## [PROBLEM REQUIREMENTS]
Please copy out the entries below exactly, beginning with the line that contains "Violet roman silk" and ending with the line that contains "此次培训分为理论培训和实操演", and include nothing outside that span.

## [PROVIDED RECORDS]

^^^^

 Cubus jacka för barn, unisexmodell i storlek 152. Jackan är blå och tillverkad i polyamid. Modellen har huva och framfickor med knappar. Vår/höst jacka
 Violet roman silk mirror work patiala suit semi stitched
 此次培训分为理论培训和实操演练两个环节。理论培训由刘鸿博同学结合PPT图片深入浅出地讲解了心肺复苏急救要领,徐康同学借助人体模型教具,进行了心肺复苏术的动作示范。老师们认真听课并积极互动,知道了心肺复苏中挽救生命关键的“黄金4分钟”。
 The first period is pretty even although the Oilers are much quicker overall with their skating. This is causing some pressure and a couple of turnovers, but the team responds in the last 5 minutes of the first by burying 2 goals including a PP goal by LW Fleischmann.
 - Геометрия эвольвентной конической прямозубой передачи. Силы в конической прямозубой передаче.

^^^^

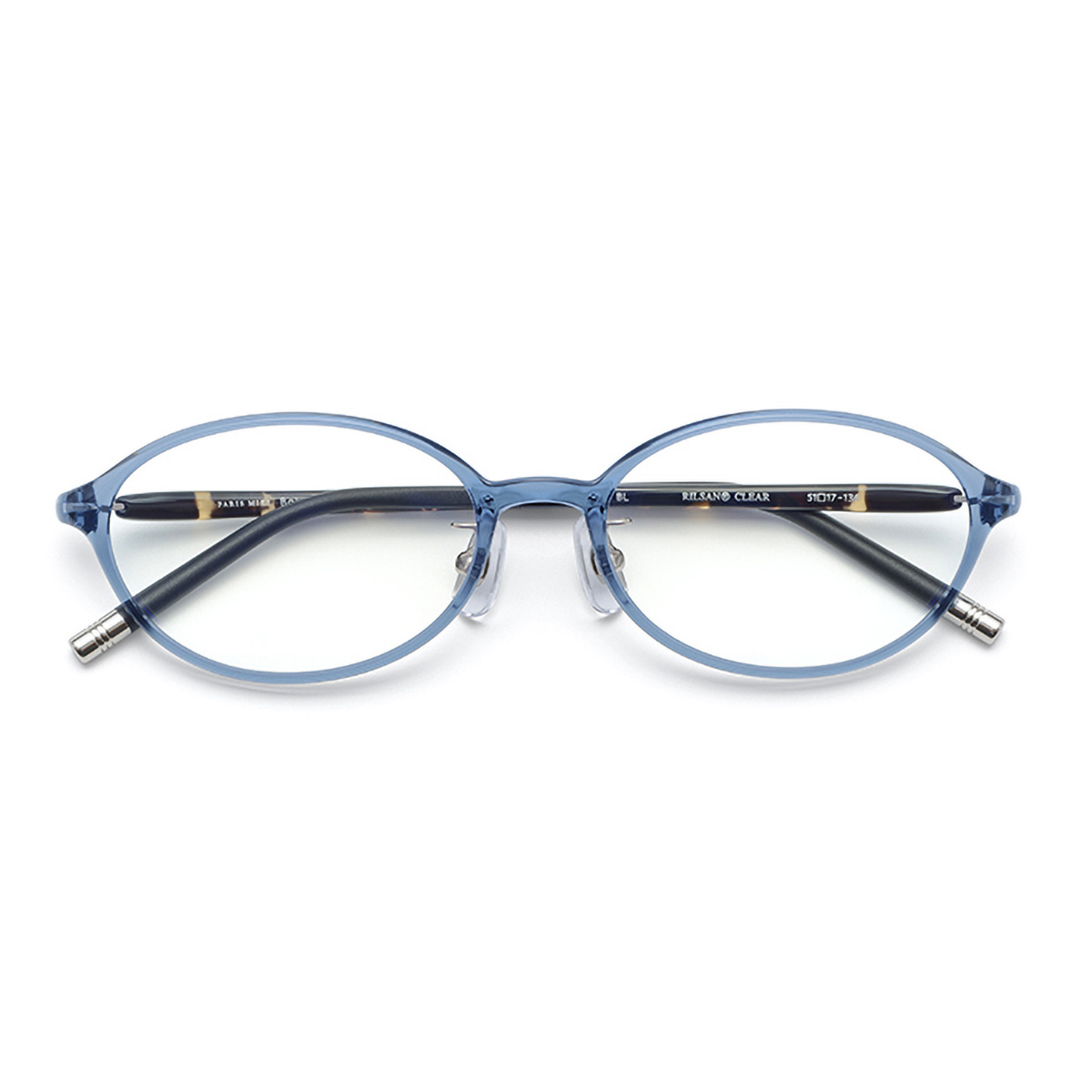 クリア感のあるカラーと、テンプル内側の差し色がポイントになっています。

^^^^

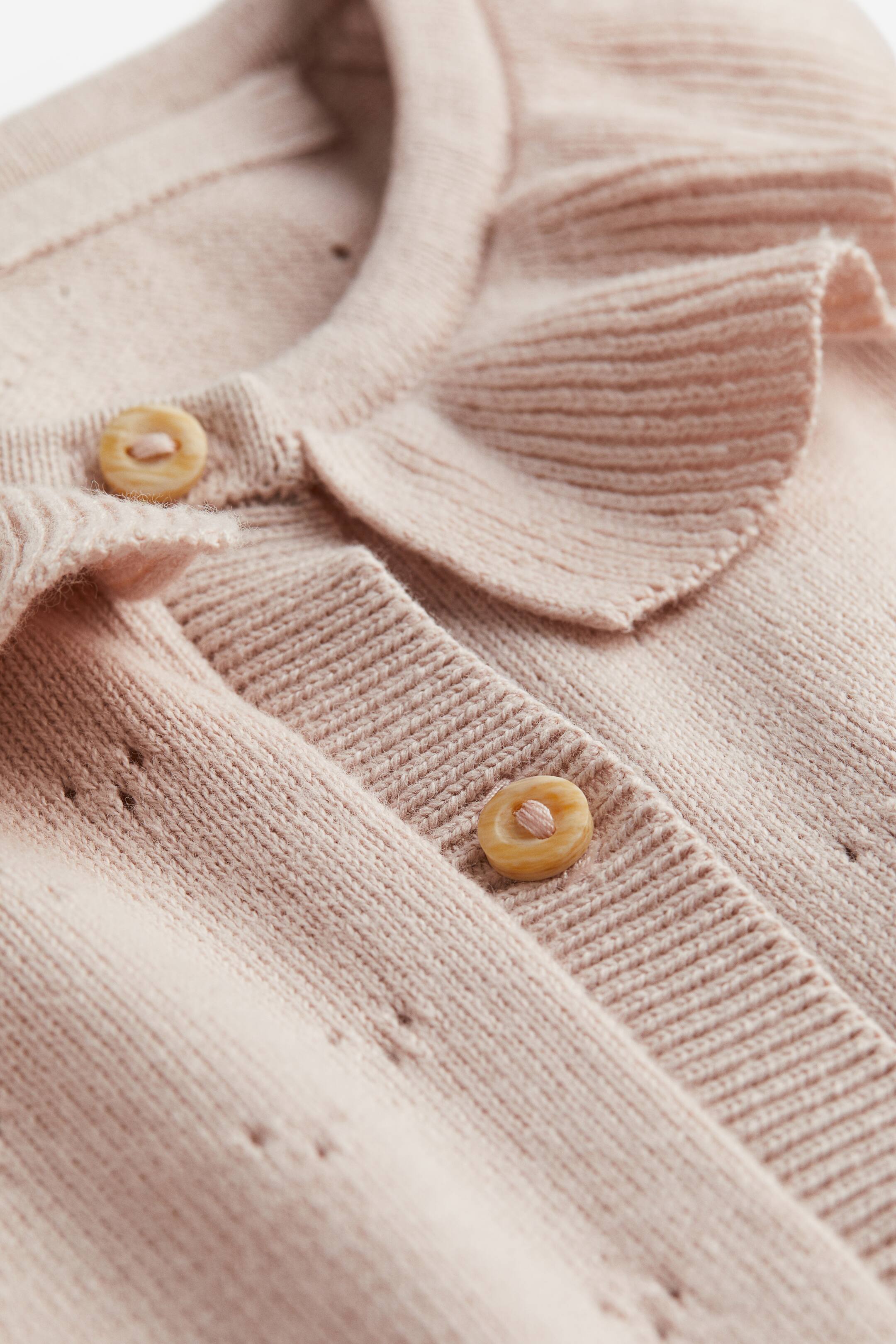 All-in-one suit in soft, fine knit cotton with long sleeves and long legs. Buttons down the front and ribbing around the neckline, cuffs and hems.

^^^^

## [PROBLEM SOLUTION]
 Violet roman silk mirror work patiala suit semi stitched
 此次培训分为理论培训和实操演练两个环节。理论培训由刘鸿博同学结合PPT图片深入浅出地讲解了心肺复苏急救要领,徐康同学借助人体模型教具,进行了心肺复苏术的动作示范。老师们认真听课并积极互动,知道了心肺复苏中挽救生命关键的“黄金4分钟”。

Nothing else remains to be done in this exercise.